В общем, мне показалось, что эта идея может во что-то вылиться. Ну, кто еще придумает, как кондору пришло в голову спасти медвежонка от электрического тока? Конечно, это было нелепо. Но ничуть не более того, что, по моим представлениям, вот-вот должно было случиться со мной.

Пока я вымучивал решение ситуации с кондором, во двор въехала Пейдж. Возле моего «моргана» остановился «мерседес» с откидным верхом. Я нажал на кнопку дистанционного управления и за ним тихо закрылись двери гаража, более или менее надежно скрыв нас от любых взоров. Правда, при этом мы оказались в полной темноте. Поскольку я сидел с правой стороны своей машины, а Пейдж – с левой стороны своей, мы находились довольно близко друг от друга. Я протянул руку и Пейдж ее взяла. В гараже было ничуть не темнее, чем в кинотеатре, и когда у меня глаза немножко пообвыкли, я огляделся.

– Почему ты всегда такой спокойный? – спросила Пейдж. – Абсолютно всегда.

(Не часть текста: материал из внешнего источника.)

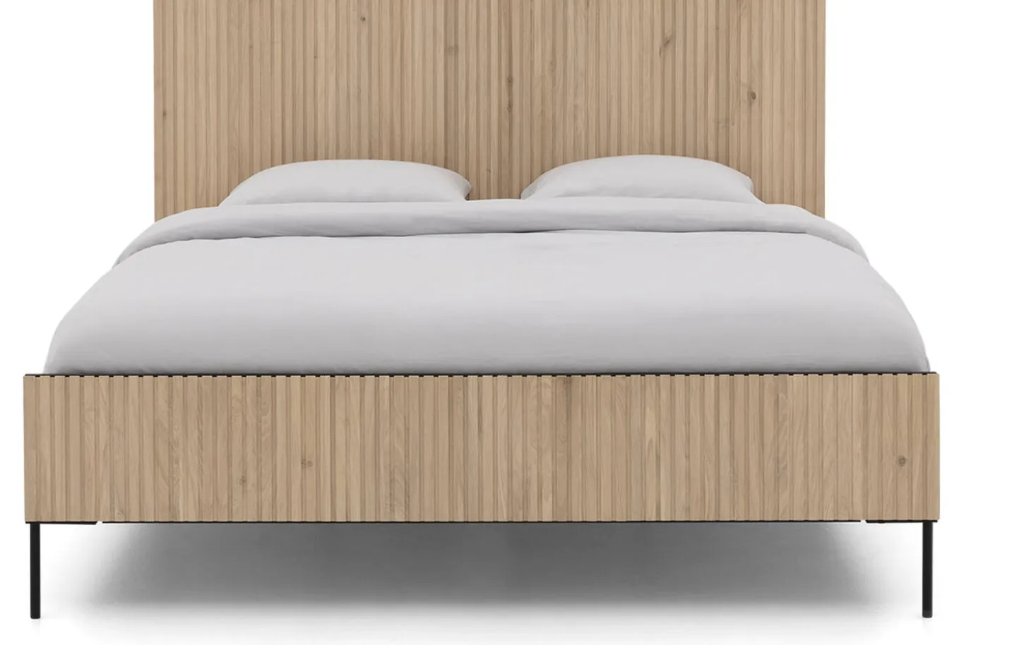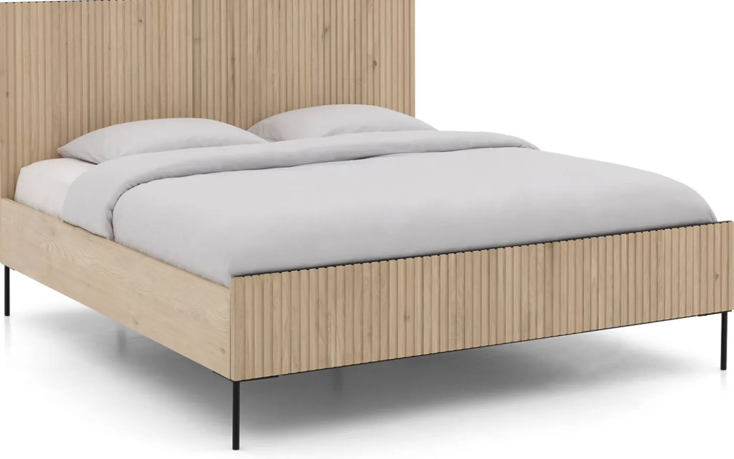 Das Bettgestell Capelli ist durch die außergewöhnlichen vertikalen Linien im Eichenholz ein stilvoller Blickfang für Ihr Schlafzimmer. Die runden schwarzen Füße unterstreichen die stilvolle Optik des Bettgestells. Mit seinem modernen Design ist das Bett Capelli die perfekte Wahl für ein modernes, zeitgemäßes Schlafzimmer.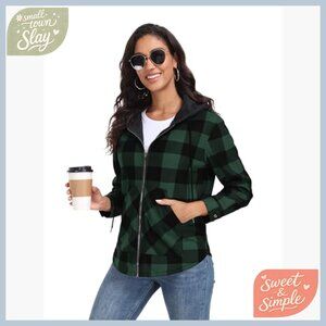 Women's Plaid Fleece Jacket Hooded Full Zip Casual Fall Winter Warm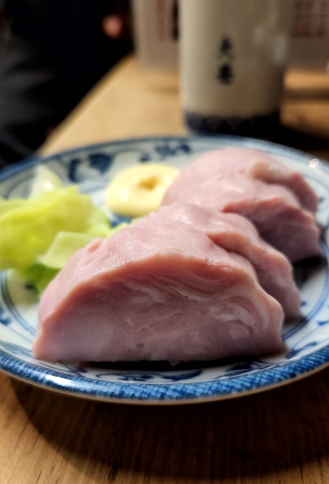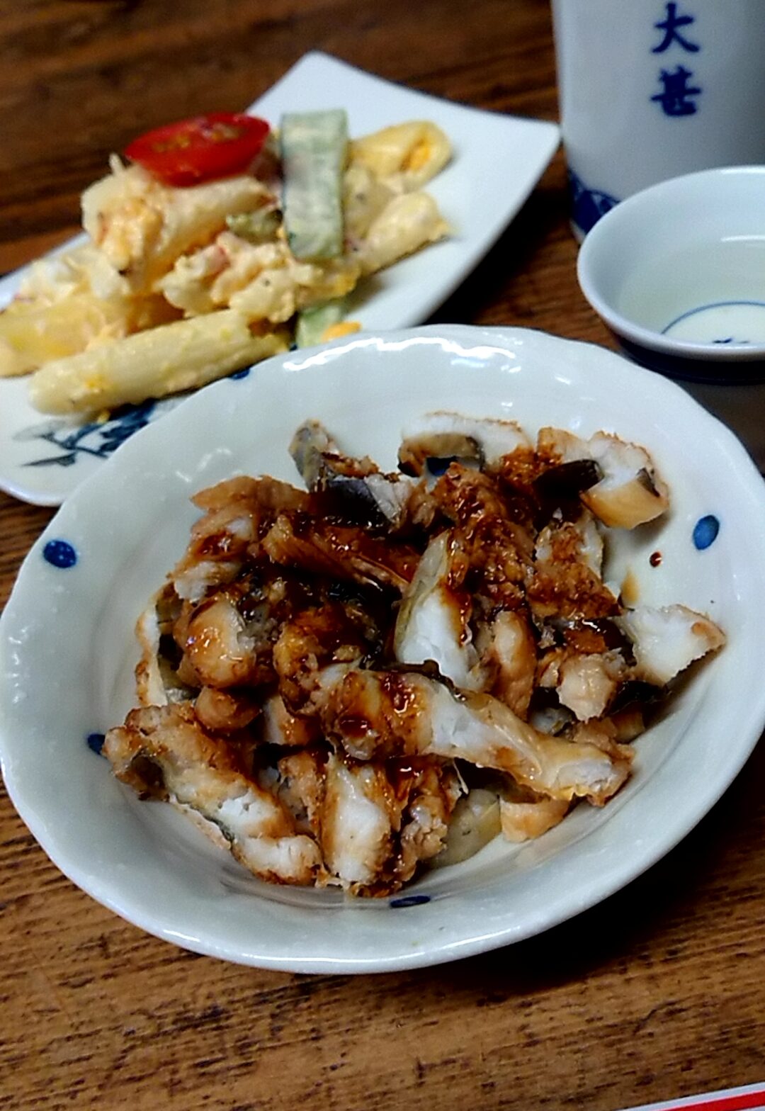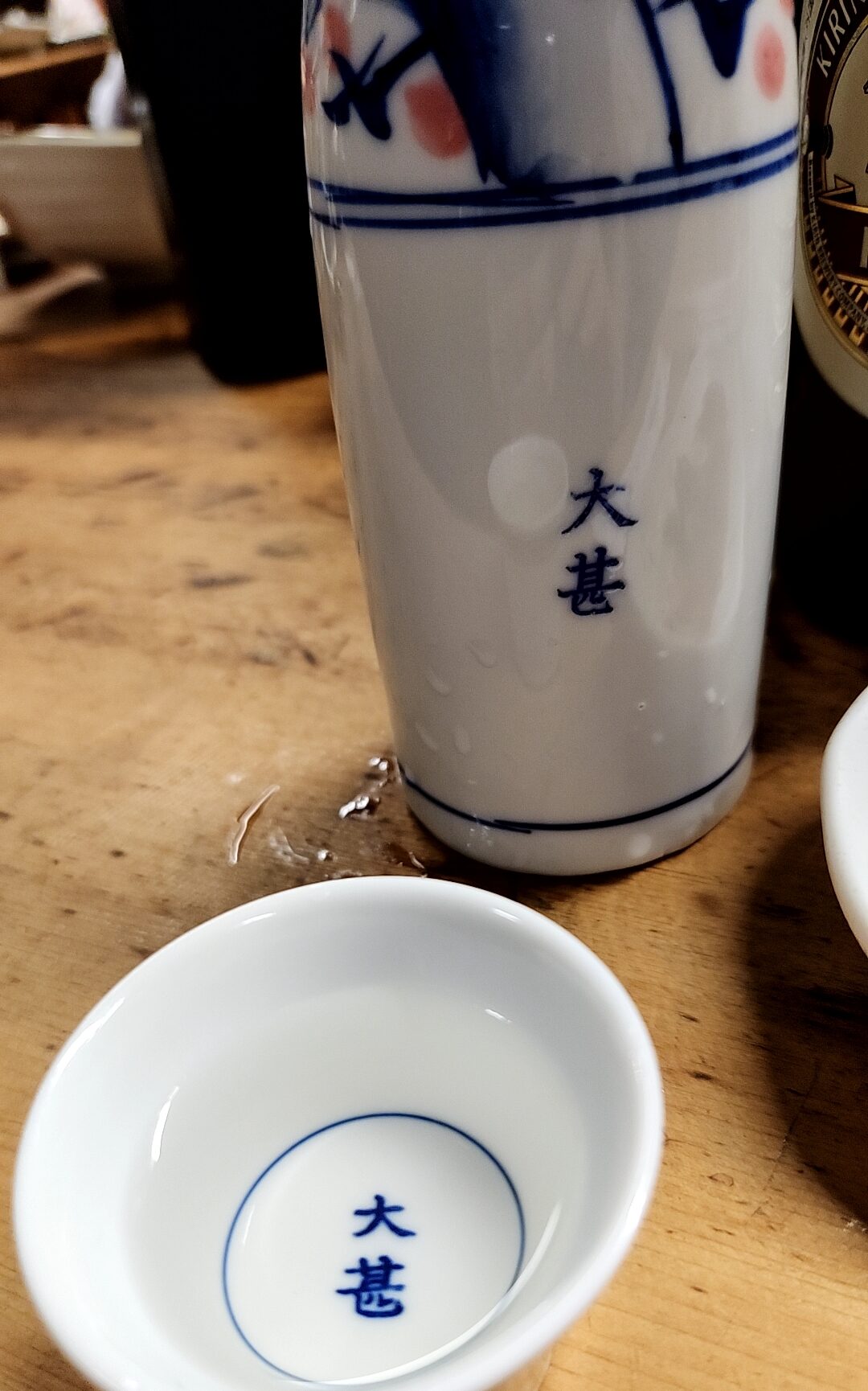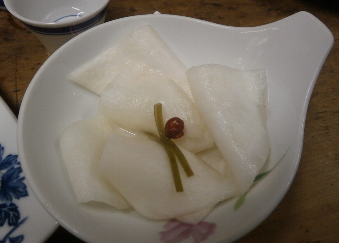 賀茂鶴の燗。大甚といえばこれ。わたしはまずビール大瓶を飲み干してからこちらを頼む。樽の香りがたまらない。昔は2合徳利2本くらい飲めたのだが、いまは「いっしょう」(1合)で十分

На Пейдж был костюм для тенниса.

– Потому что на своем веку я переделал уйму всяких дел, – сказал я. – Я действительно сделал очень много дел, и ни одно из них меня не прикончило. Может, это и дало мне чувство безмятежности.

– Давай трахнемся прямо в машине, – сказала Пейдж, сменив тему разговора.

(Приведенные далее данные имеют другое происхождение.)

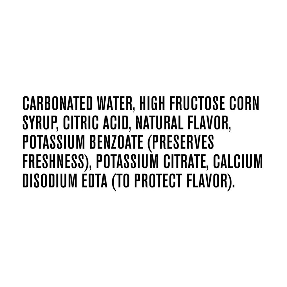 Carbonated Water, High Fructose Corn Syrup, Citric Acid, Natural Flavor, Potassium Benzoate (Preserves Freshness), Potassium Citrate, Calcium Disodium EDTA (to Protect Flavor).
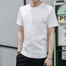 2016新款短袖t恤 男装圆领夏季上衣修身立体印花男士打底衫半袖潮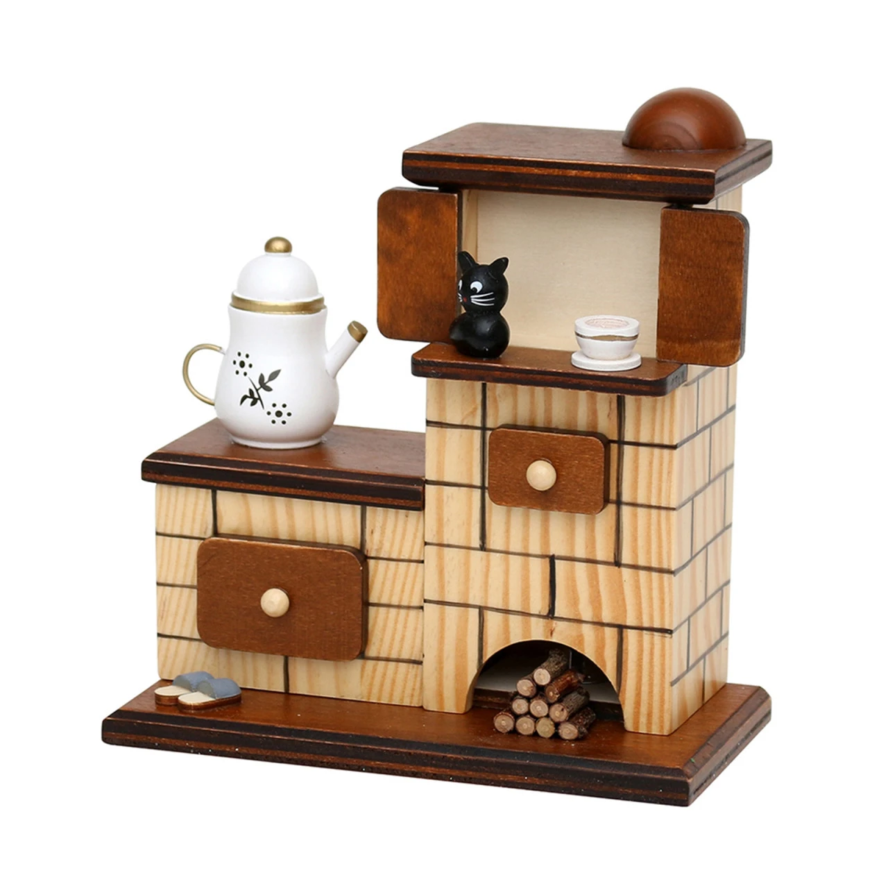 Der traditionelle Räucherofen sorgt für eine gemütliche Weihnachtsstimmung. Die Figur ist aus Holz und mit vielen kleinen Details wie Kaffeekanne, Pantoffeln und Katze geschnitzt und bemalt. Die Öfen sind 2-fach sortiert – die Auswahl ist nicht frei wählbar. Nutzen Sie diese schöne Weihnachtsfigur als Dekoration im Advent oder lassen Sie die Figur mal so richtig paffen! Maße: L/B/H 14 x 7,5 x 15 cm

– Здорово сказано! – заметил я, на мгновение почувствовав даже отвращение к той, которая была плодом моего собственного воспитания. В конце концов, такой вульгарности эту девицу научил я сам – было время, когда Пейдж это было нужно, так же как другим нужны тонизирующие напитки. Ее художник не очень-то научил ее, как выражать мысли словами. Престон, у которого никакой своей языковой манеры не было вообще, мог просветить ее еще меньше. И показать Пейдж, насколько поступки зависят от слов, выпало на долю мне.

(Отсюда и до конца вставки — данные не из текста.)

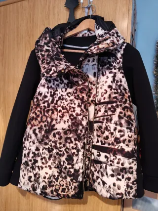 Cazadora con un llamativo estampado de leopardo en la parte delantera y mangas de color negro. - Diseño acolchado en el torso. - Cremallera frontal dorada. - Cuello alto con capucha.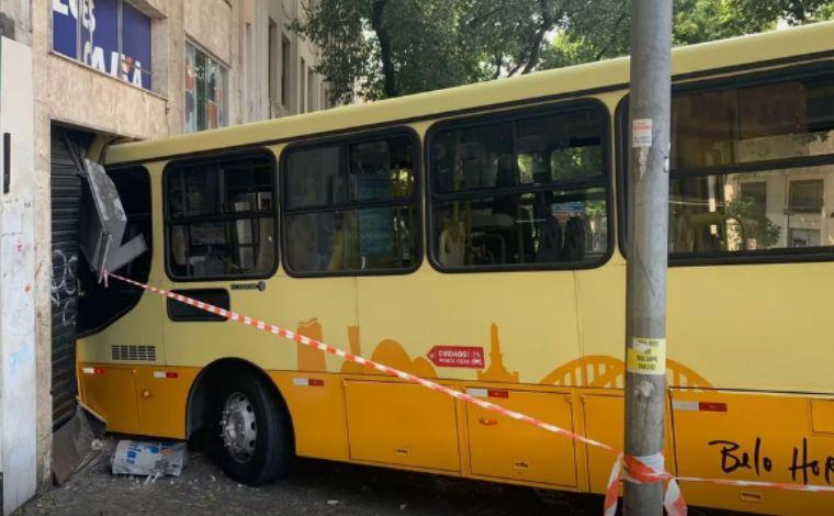 Um ônibus bateu em uma loteria do edifício Acaiaca, na esquina da rua dos Tamóios com a avenida Afonso Pena, no Centro de Belo Horizonte, na manhã desta quinta-feira (15). A menos 12 pessoas ficaram feridas.

– Да нет, я действительно хочу трахнуться здесь, – сказала Пейдж. – Я эту машину купила только что; не знаю, может, сиденья не всегда будут так здорово пахнуть.

«Мерседес» Пейдж действительно был в употреблении не больше недели. Престон подарил его жене на день рождения, чтобы отпраздновать большое событие – его комедия ужасов под названием «Гардения вурдалаков» сделала за первый месяц проката такие сборы, что все были просто потрясены. Дорогие кожаные сиденья «мерседеса» и впрямь выглядели шикарно, и так же, разумеется, выглядела сама Пейдж. Исходивший от нее запах вобрал в себя солнце, пот и чистоту кожи.

– Пейдж, я ведь мужчина толстый, – сказал я.

– Ну и что? Заднее сиденье очень поместительное, – сказала она. – И к тому же, можно не закрывать двери.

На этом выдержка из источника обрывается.